Total capacity is the highest transmission rate that you can achieve between a sender and a receiver. In Delivery monitoring, total capacity is calculated based on measurements from numerous test iterations containing various packet patterns. The calculation takes into account variations in latency and cross traffic. Available capacity is the part of the total capacity that is available for use. Utilized capacity is the part of the total capacity that is in use.
Note that capacity and bandwidth are different for our purposes. Bandwidth is the transmission rate of the physical media. It is the number quoted by your ISP but it does not take into consideration any protocol overhead or queuing delays. Capacity, on the other hand, takes these into consideration. Given this, the bandwidth number is typically higher than capacity. Capacity, however, is a better representation of how application data experiences the network.

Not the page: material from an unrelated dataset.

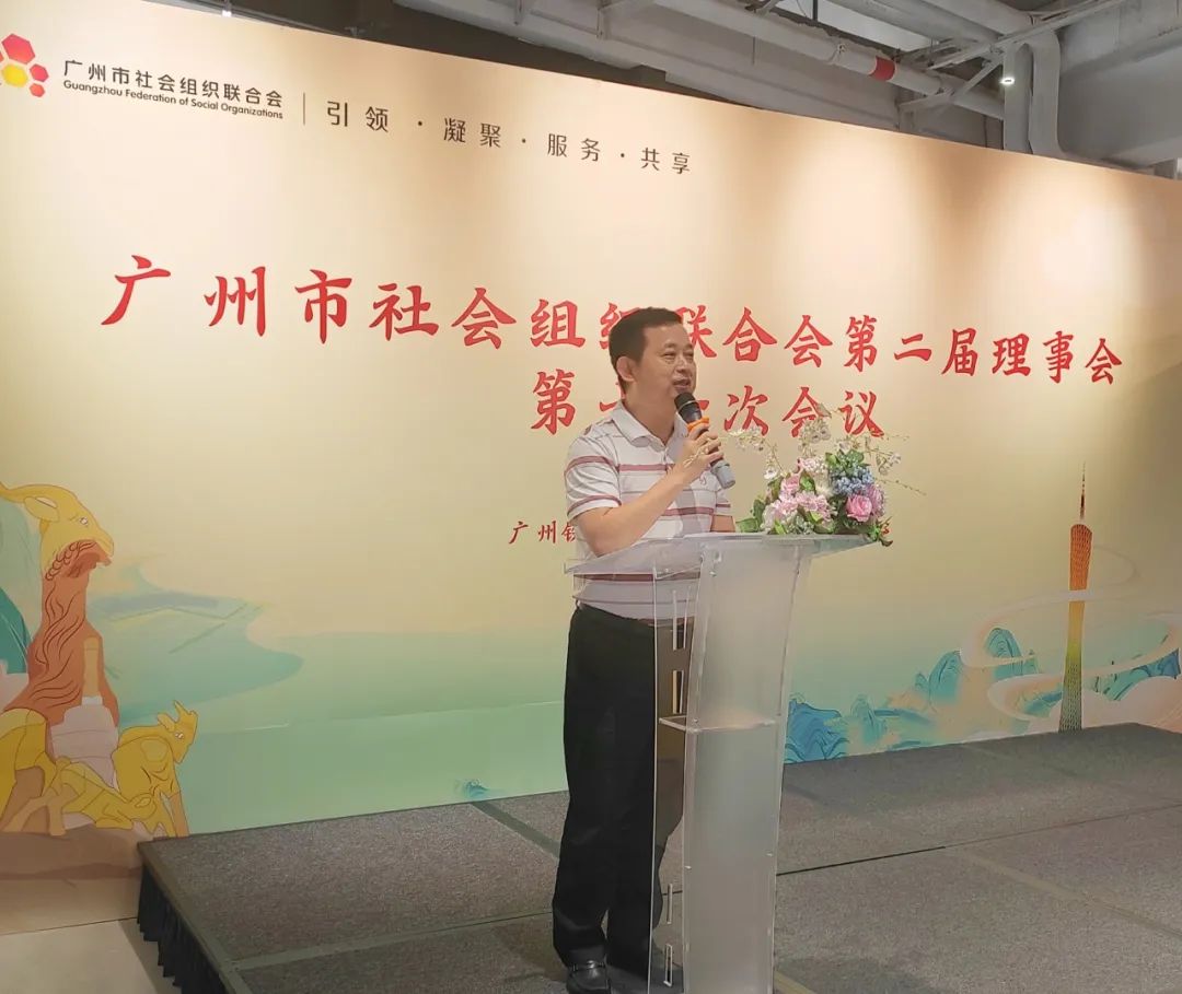 随后,冯耀良会长发表讲话,他首先对与会的领导、理事会成员、监事致以谢意,对广州社联五年来的努力拼搏表示赞许。他指出,未来,广州社联要继续践行使命价值,打造更加良性、充满活力的广州社会组织生态圈,宏大“全国先进社会组织”品牌效应,为服务省市高质量发展作出更大贡献!

TruPath uses packet dispersion analysis to calculate capacity. To understand how it this works, imagine two packets of equal size are sent back-to-back with no other traffic on the line. We’re interested in the distance between those packets by the time they reach the target. The packet dispersion is the time between the arrival of the last byte of the first packet and the last byte of the second packet.
To calculate the total capacity of the path in bits per second, we divide the packet size (in bits) by the dispersion (in seconds). The dispersion value used to determine total capacity is the minimum dispersion observed over a series of packet trains. Available capacity is calculated using the average dispersion of a series of packet trains taking lost packets into consideration in the calculation. Utilized capacity is the total capacity minus the available capacity.
These calculations are for dual-ended paths. For single-ended paths the one-way dispersion is half the difference of the round-trip times of each ping/response pair.
The measurement process is iterative:
- Measurements are taken every minute.
- Each iteration consists of multiple packet trains, each with a specific packet size and number of packets (up to 50) per train.
- Sending multiple packet trains reduces the effect of packet loss.
- Sending large packets guarantees queuing. If packets did not get queued, there would be no dispersion and capacity would be overestimated.
- The initial packet size is the path MTU (PMTU).
- PMTU is the largest packet size a path can handle without fragmentation.
- APM considers the best option for total capacity measurement to be a packet train with the largest packet size that experiences no packet loss.
Anything that affects the round-trip time of test packets including low-bandwidth links, congested links, and operating system effects, are accounted for in the capacity measurement. These are the same effects your application data experiences.
Mean Opinion Score (MOS)
The Mean Opinion Score (MOS) is an estimate of the rating a typical user would give to the sound quality of a call. It is expressed on a scale of 1 to 5, where 5 is perfect. It is a function of loss, latency, and jitter. It also varies with voice codec and call load.